Although not defining a domestication event, the results further strengthens previous hypotheses of
wolf domestication having taken place earlier than 16 kya, and even before the LGM (Germonpré et
al. 2009; Ovodov et al. 2011; Druzhkova et al. 2013).
Figure 7. Simplified graphical outline of the Siberian wolf’s
relationship to modern dogs and wolves.
22
Paper IV
Mitochondrial DNA from modern European brown bears has revealed a limited diversity and a
pronounced geographic structure, with two clades occurring in the south-west (clade 1) and north-east
(clade 3).
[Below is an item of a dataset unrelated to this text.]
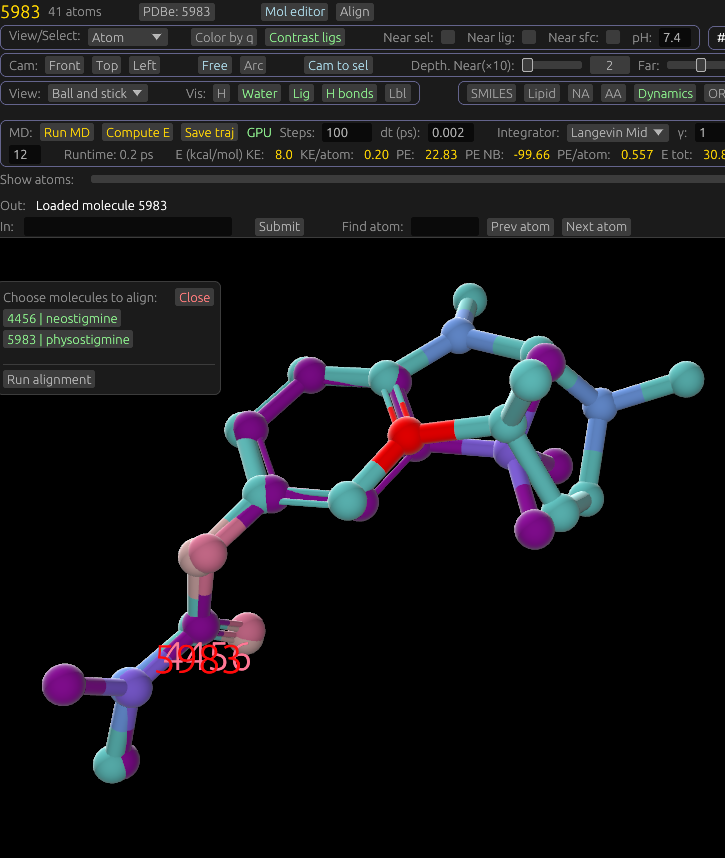 Alignment in Molchanica is flexible: Both the template and query molecules are flexible: They can rotate around bonds, and their bond lengths flex as required. To start, open the two you wish to align. Then click the Align button in the GUI. This will bring up a window where you can configure the alignment. From here select the two molecules to align, and click Run alignment to start.

Furthermore, a geographic subdivision has been made within clade 1 (1a & 1b), which has
been proposed to be the result of a separation between different refugial populations in southern
Europe during the LGM. The post-glacial re-expansion of these populations is thought to have created
the current phylogeograhic structure, and this process has been used to exemplify the
Expansion/Contraction model of populations responding to climate change and the availability of
habitat (Hewitt 1996, 1999). However, DNA from ancient brown bear remains has cast doubts on this
model and indicated a more complex phylogeographic structure before as well as after the LGM
(Hofreiter et al. 2004; Valdiosera et al. 2007, 2008).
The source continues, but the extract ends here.